O setor sucroenergético do Brasil vive um momento de forte pressão. A queda acentuada nos preços internacionais do açúcar reacendeu preocupações entre produtores do centro-sul, que já avaliam mudanças significativas no planejamento agrícola para os próximos anos. Com margens reduzidas, custos elevados e um cenário de incerteza, cresce a possibilidade de redução da área plantada com cana-de-açúcar a partir da safra 2026/27.

Na semana passada, os futuros do açúcar bruto atingiram 14,04 centavos de dólar por libra-peso, a menor cotação dos últimos cinco anos. Embora na sexta-feira (14) o preço tenha encerrado o dia em 14,96 centavos, ainda permanece distante dos níveis registrados em ciclos recentes, quando o mercado operou em patamares mais elevados e garantiu maior rentabilidade aos produtores.

Pressão sobre custos e ambiente de incerteza

Com a queda nos preços, os produtores enfrentam um ambiente de risco que pode comprometer investimentos essenciais nos canaviais. Em vários municípios do interior paulista, especialmente na região de Assis e cidades vizinhas, agricultores já avaliam o impacto da baixa rentabilidade sobre os custos de manejo.

A renovação dos canaviais — processo fundamental para garantir produtividade — pode ser reduzida. Em alguns casos, produtores começam a considerar ajustes na área total plantada, especialmente para o ciclo 2026/27. O risco é que essa retração acabe refletindo na produção projetada para 2027/28, que tende a ser impactada se a atual situação de mercado persistir.

Há cerca de três anos, muitos agricultores que cultivavam grãos migraram parcial ou totalmente para a cana, atraídos pelos preços elevados do açúcar e pela maior estabilidade da cultura. Agora, esse movimento pode ser revertido. Porém, mesmo culturas como a soja enfrentam preços menos favoráveis na região, tornando a tomada de decisão ainda mais complexa.

Mix de produção recua no Centro-Sul

O ambiente desafiador também afeta a distribuição da matéria-prima entre açúcar e etanol. Dados divulgados pela UNICA (União da Indústria de Cana-de-Açúcar) mostram que o mix de açúcar nas usinas do Centro-Sul caiu de 55% em agosto para 46% na última semana.

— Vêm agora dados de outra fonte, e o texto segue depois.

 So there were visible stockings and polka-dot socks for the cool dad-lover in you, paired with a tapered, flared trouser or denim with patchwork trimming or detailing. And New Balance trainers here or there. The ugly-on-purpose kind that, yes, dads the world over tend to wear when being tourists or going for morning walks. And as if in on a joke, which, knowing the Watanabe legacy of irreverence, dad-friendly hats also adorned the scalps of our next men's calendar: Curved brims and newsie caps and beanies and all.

Essa redução representa uma leve migração da moagem para o etanol. Contudo, essa mudança não tem se traduzido em melhora significativa nas margens do setor, em função da crescente participação do etanol de milho no mercado brasileiro.

Avanço do etanol de milho altera dinâmica do setor

Nos últimos anos, o Brasil registrou forte expansão na produção de etanol de milho, especialmente no Centro-Oeste. A entrada desse novo protagonista no mercado ampliou a oferta do biocombustível e reduziu a dependência do etanol produzido a partir da cana.

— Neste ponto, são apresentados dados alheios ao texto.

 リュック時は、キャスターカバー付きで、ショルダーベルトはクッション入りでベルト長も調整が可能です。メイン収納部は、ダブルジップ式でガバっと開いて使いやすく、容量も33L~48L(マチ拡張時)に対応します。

Como consequência, os preços do etanol não apresentaram a reação esperada pelos produtores de cana, mesmo em períodos de maior demanda ou oscilação no preço da gasolina. A nova estrutura de mercado dificulta que o etanol se torne uma alternativa de escape para as usinas em momentos de desvalorização do açúcar.

Esse movimento representa uma mudança estrutural: a cana, antes dominante no setor sucroenergético, agora divide espaço com uma fonte que cresce em ritmo acelerado e influencia diretamente o equilíbrio entre oferta e demanda de etanol no país.

Planejamento das próximas safras exige cautela

Diante da volatilidade no mercado internacional do açúcar e da pressão exercida pelo etanol de milho, os produtores de cana do centro-sul caminham com cautela em relação aos próximos ciclos agrícolas. A tendência observada é de redução ou postergação de investimentos, principalmente em áreas de intensificação produtiva, como:

  • Renovação de canaviais

  • Correção de solo

  • Aplicação de fertilizantes

  • Aquisição de maquinário

  • Expansão de área plantada

Essas decisões afetam não apenas a safra de curto prazo, mas também o desempenho das lavouras ao longo de todo o ciclo produtivo da cana, que tem uma vida útil de cinco a seis anos.

Caso o cenário atual persista, a produção nacional pode sofrer impactos a partir de 2027, tanto em volume quanto em qualidade da matéria-prima disponibilizada às usinas.

Com o açúcar atingindo o menor patamar em cinco anos e o etanol de milho ganhando espaço no mercado, o setor sucroenergético brasileiro enfrenta um dos momentos mais desafiadores da última década. A possível redução da área plantada e a diminuição de investimentos podem redesenhar o mapa da canavicultura no país nos próximos anos.